WHAT IS NEEDED> Set down each line of the data exactly, but not the pictures.

INFORMATION PROVIDED>

━━━━━━

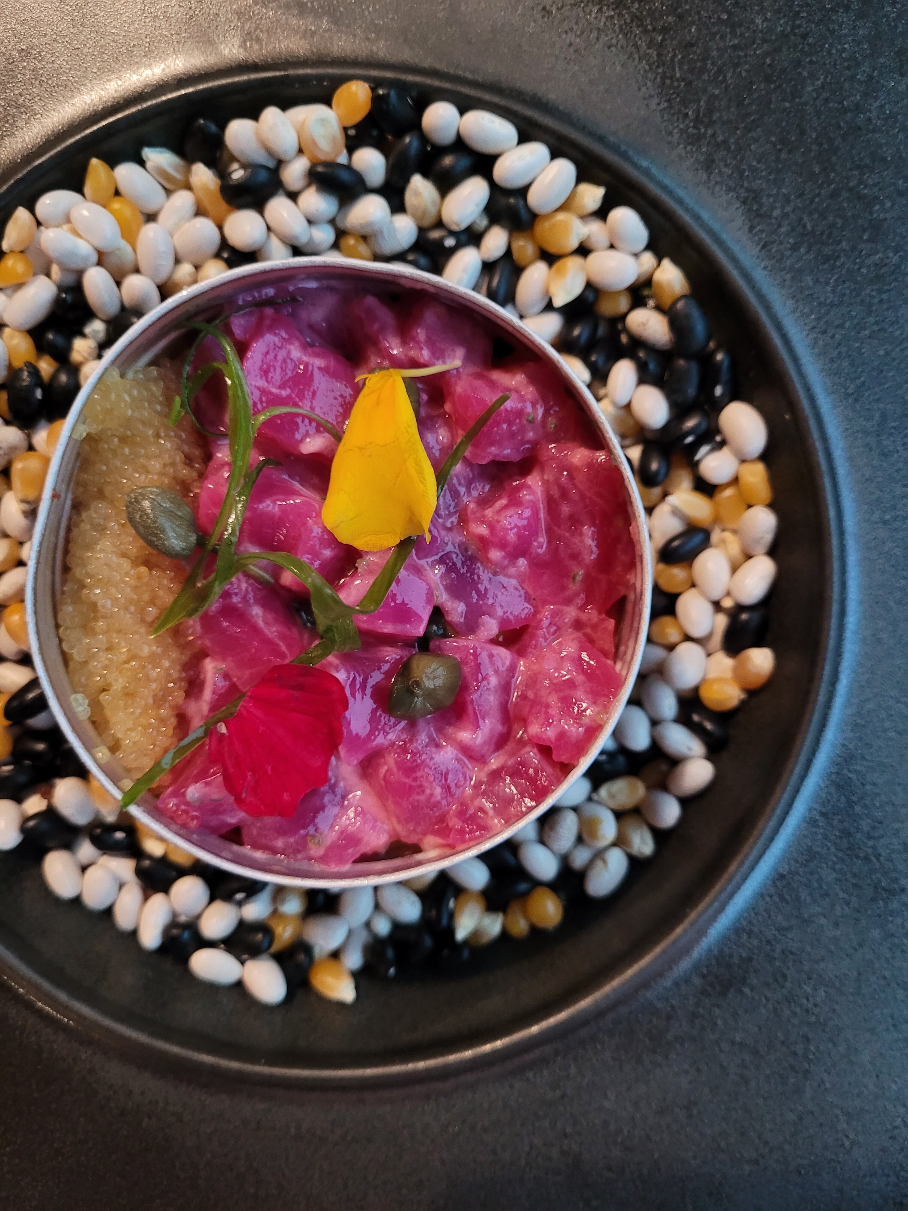 Le chef à la barre est Sean Murray Smith, lui qui est reconnu par sa cuisine très intellectuelle, artistique et novatrice. Dès le premier service, on est transporté dans son univers créatif : un tartare de veau et de betteraves supporté par trois différentes textures de sauces : une émulsion à la moutarde, une seconde au lait de riz, puis une huile à la ciboulette.
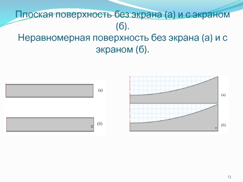 Слайд 13Плоская поверхность без экрана (а) и с экраном (б).
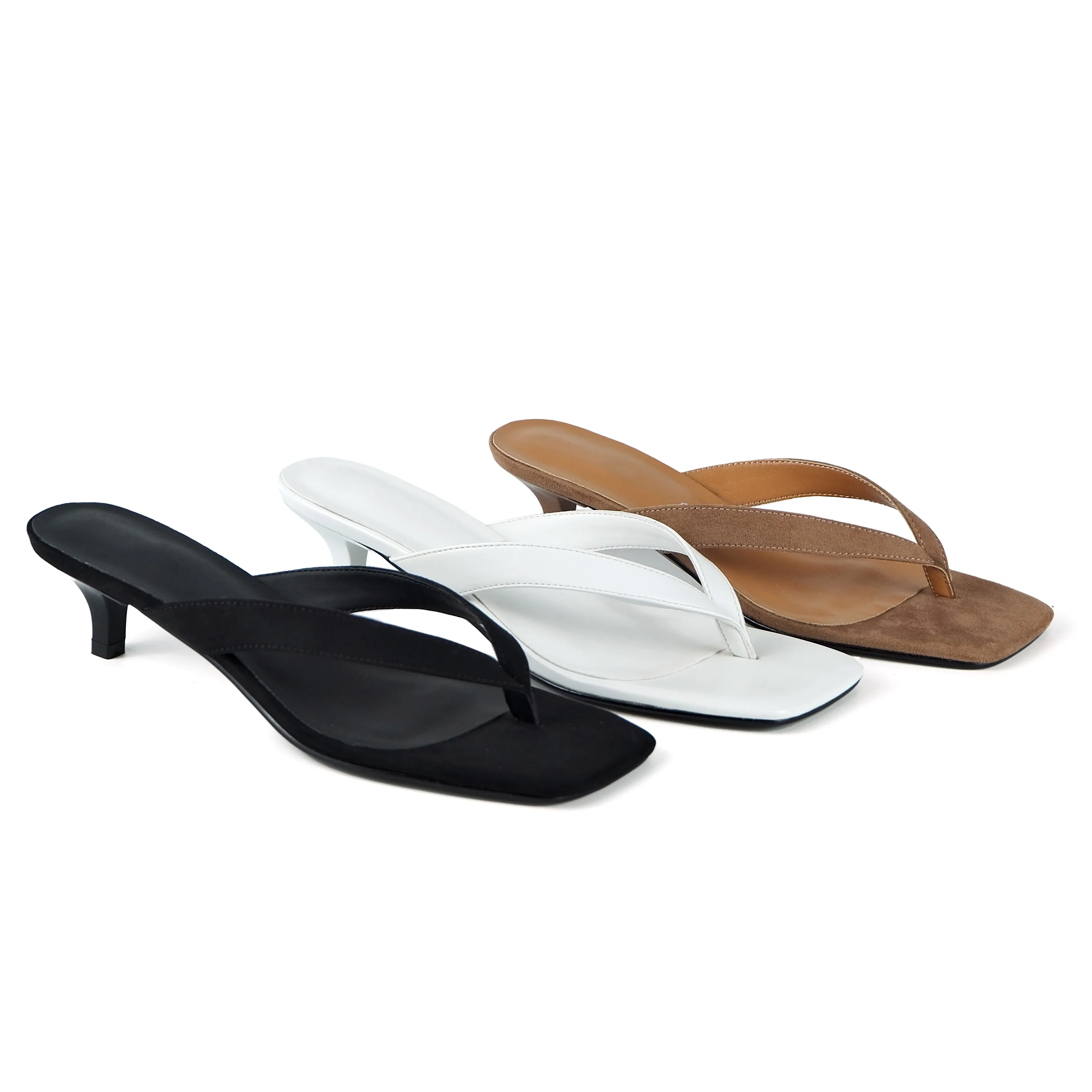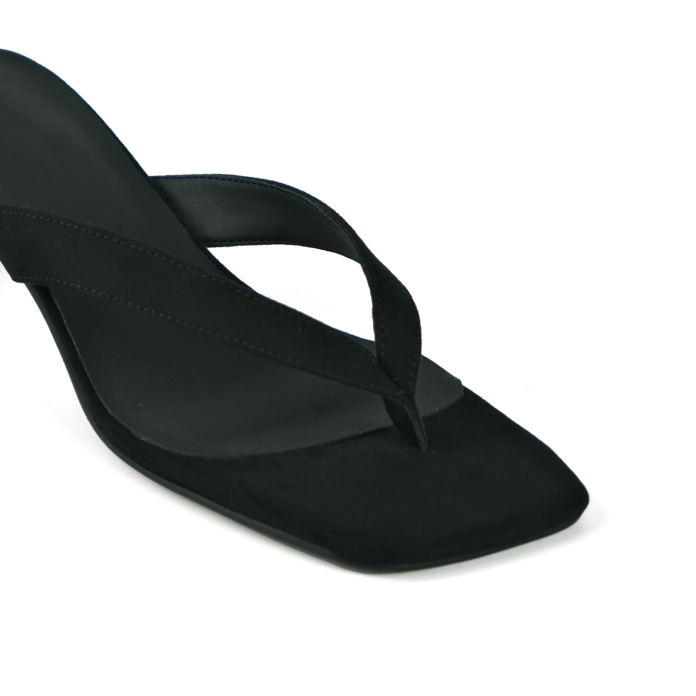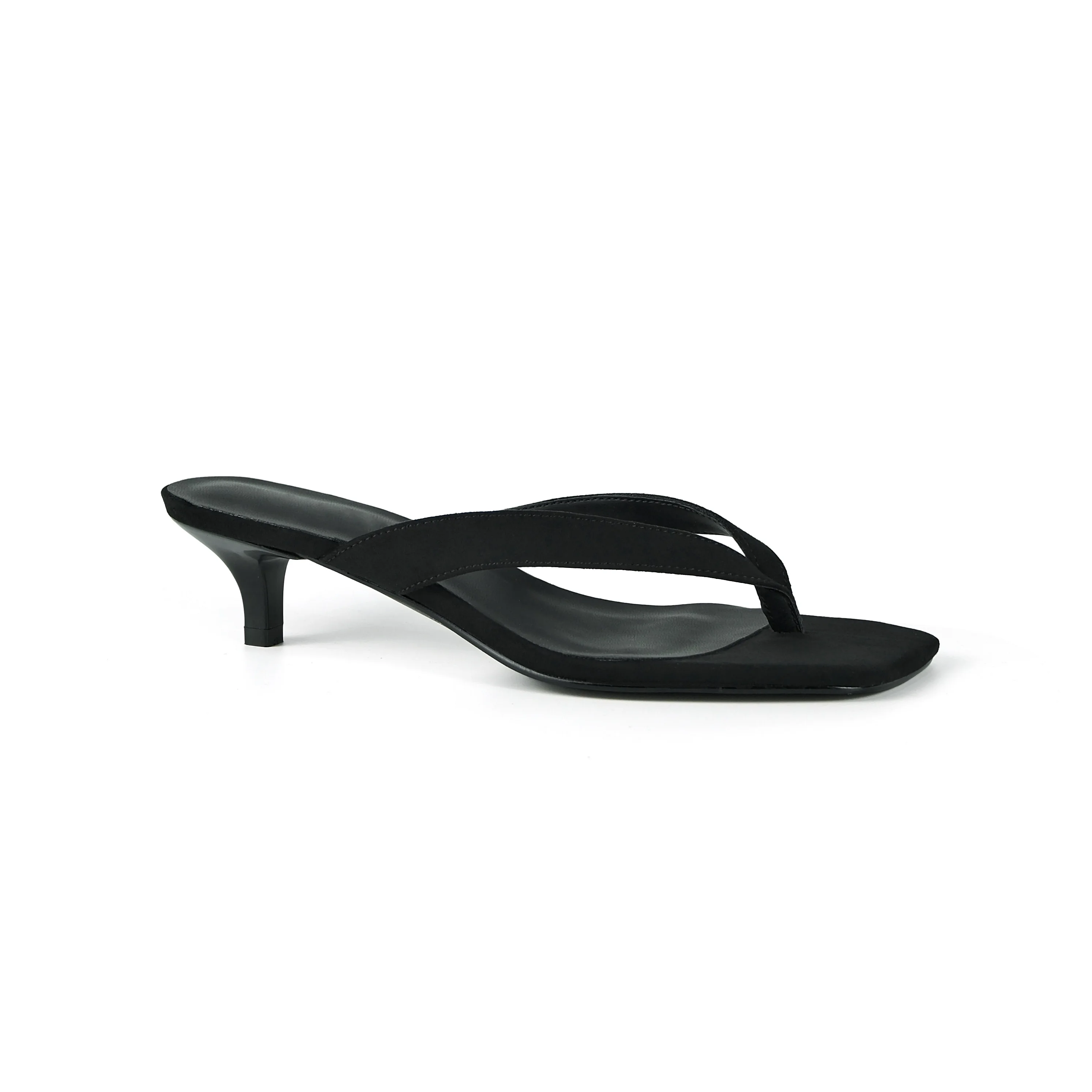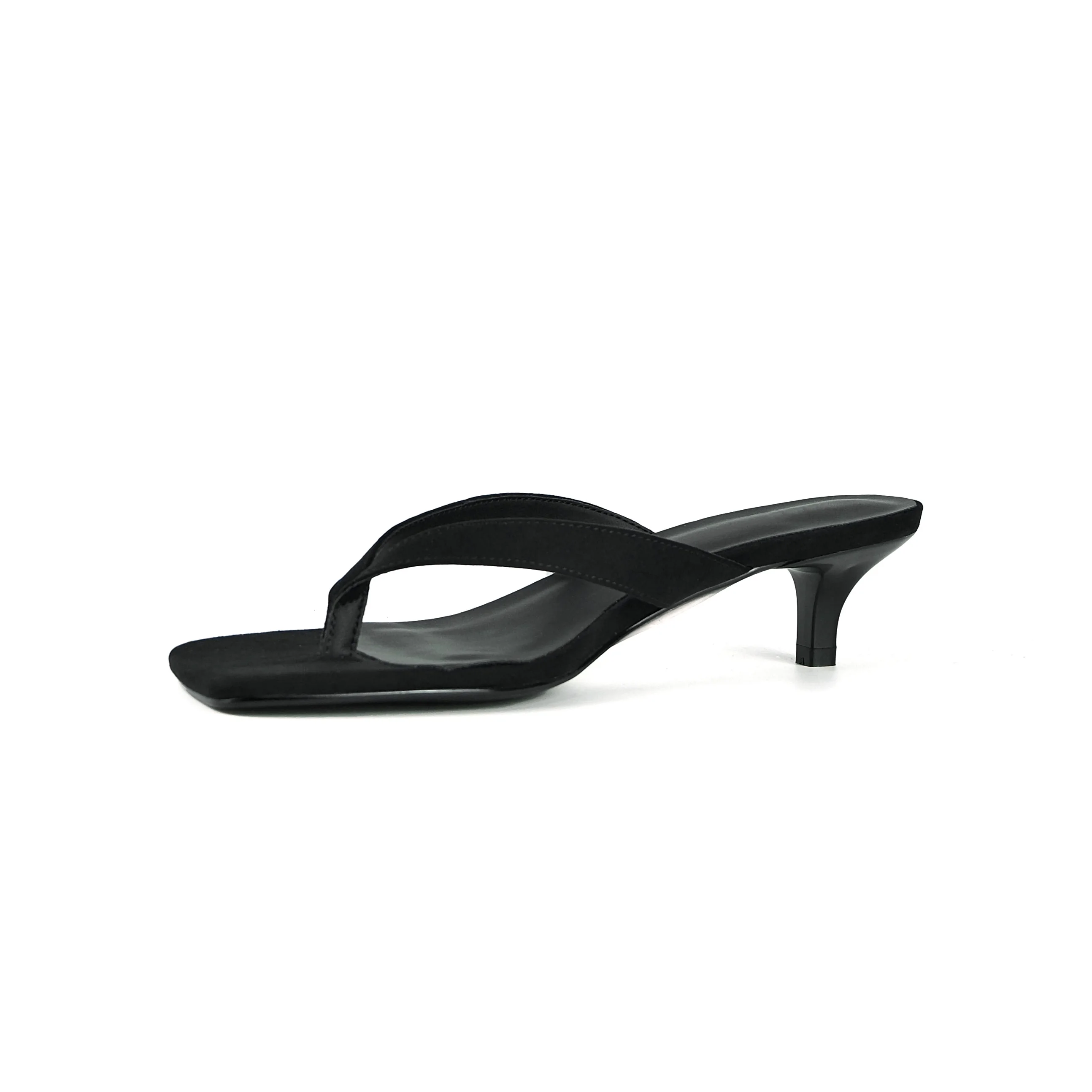 Women's Black Suede Thong Kitten Heel Mules-Square Toe Comfort Sandals 5cm for Office & Casual
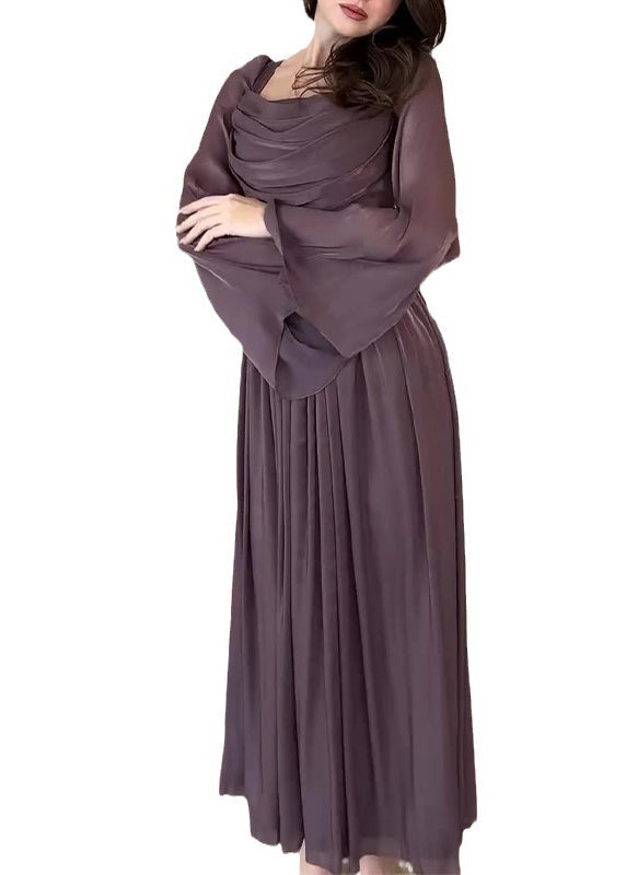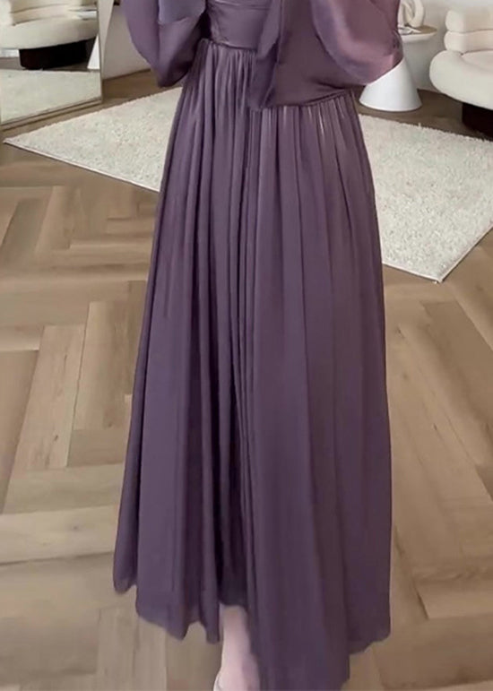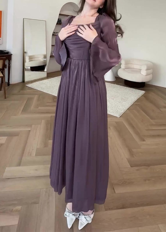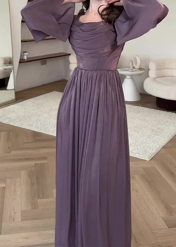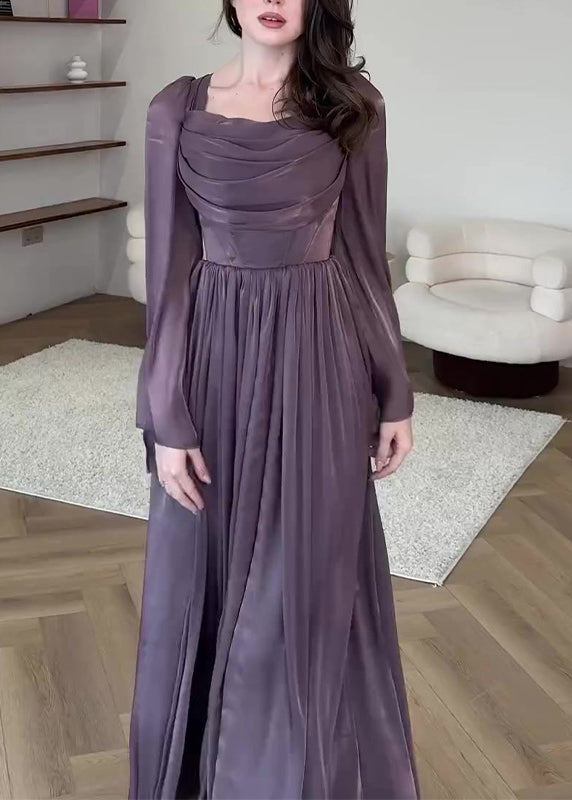 French Purple Square Collar Wrinkled Silk Long Dress Fall

━━━━━━

ANSWER BELOW>
 Le chef à la barre est Sean Murray Smith, lui qui est reconnu par sa cuisine très intellectuelle, artistique et novatrice. Dès le premier service, on est transporté dans son univers créatif : un tartare de veau et de betteraves supporté par trois différentes textures de sauces : une émulsion à la moutarde, une seconde au lait de riz, puis une huile à la ciboulette.
 Слайд 13Плоская поверхность без экрана (а) и с экраном (б).
 Women's Black Suede Thong Kitten Heel Mules-Square Toe Comfort Sandals 5cm for Office & Casual
 French Purple Square Collar Wrinkled Silk Long Dress Fall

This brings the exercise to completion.